Work order —
Your response should reproduce every line of the entries that contains the word "avec".
Segment Start: Data for the task
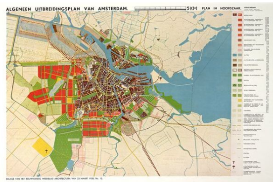
Plankaart van het Algemeen Uitbreidingsplan uit 1935

In de 19e eeuw was er een langzaam herstel en omstreeks 1850 begon Amsterdam zich uit te breiden buiten de 17e-eeuwse Singelgracht. In 1825 kwam met het nieuw-gegraven Noordhollandsch Kanaal de waterverbinding met Den Helder tot stand. In 1839 werd het traject Amsterdam - Haarlem geopend als eerste spoorweg van Nederland. Sinds 1876 is het Noordzeekanaal de rechtstreekse verbinding tussen de Amsterdamse haven en de sluisen bij IJmuiden die toegang geven tot de Noordzee.
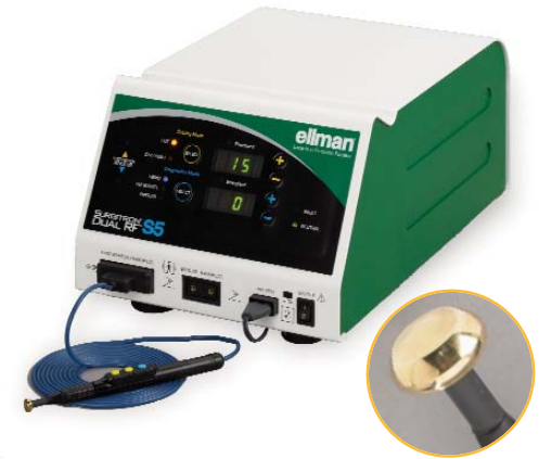
Générateur Surgitron Dual S5 avec accessoire Pellevé
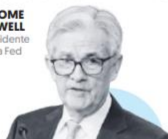
JEROME POWELL Presidente de la Fed

“Los registros históricos advierten fuertemente contra la relajación prematura...”
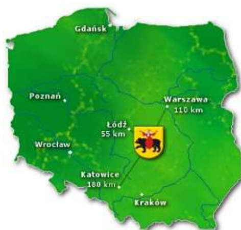
Rys. 1. Położenie Tomaszowa Mazowieckiego na mapie Polski

Tomaszów Mazowiecki to gmina miejska położona u ujścia rzeki Wolbórki do Pilicy, na Równinie Piotrkowskiej, sąsiadującej ze Wzgórzami Opoczyńskimi, a wchodzącej w skład Wzniesień Południowomazowieckich. Przez Miasto przepływa pięć rzek i rzeczek: Pilica, Wolbórka, Czarna - Bielina, Piasecznica i Lubochenka. Centralna część Miasta leży na wysokości 179 m n.p.m., natomiast najniższej położona jest Brzustówka - Nowy Port 153 m n.p.m. Położenie geograficzne miasta wyznaczają współrzędne 20°01' długości geograficznej wschodniej i 51°31' szerokości geograficznej północnej.
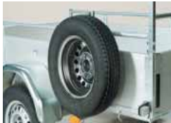
Roue de secours avec support
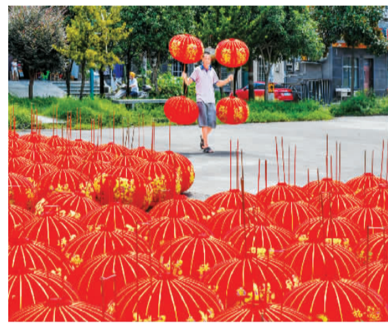
8月24日，在浙江省台州市仙居县横溪镇山枣园移民新村灯笼加工作坊，农民正晾晒红灯笼。

通过“订单+互联网”模式，该灯笼加工作坊实现年加工灯笼100多万只。红火的灯笼加工业务，带动了当地群众在家门口就业，拓宽了农民增收门路，促进当地实现共同富裕。
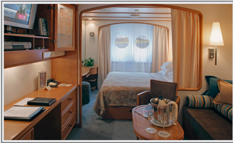
Lugar dekk 2 kr 39 950 pr person inkl. havneavgift
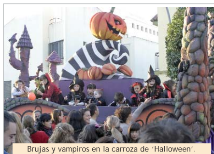
Brujas y vampiros en la carroza de 'Halloween'.
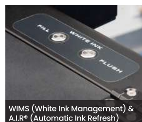
WIMS (White Ink Management) & A.I.R.® (Automatic Ink Refresh)
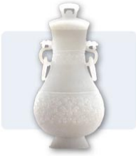
Vase chinois (80-441.1-3)
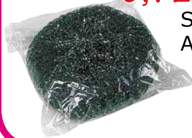
SPUGNA ZINCATA ARCASA
Segment End: Data for the task
Response box —
Générateur Surgitron Dual S5 avec accessoire Pellevé
Roue de secours avec support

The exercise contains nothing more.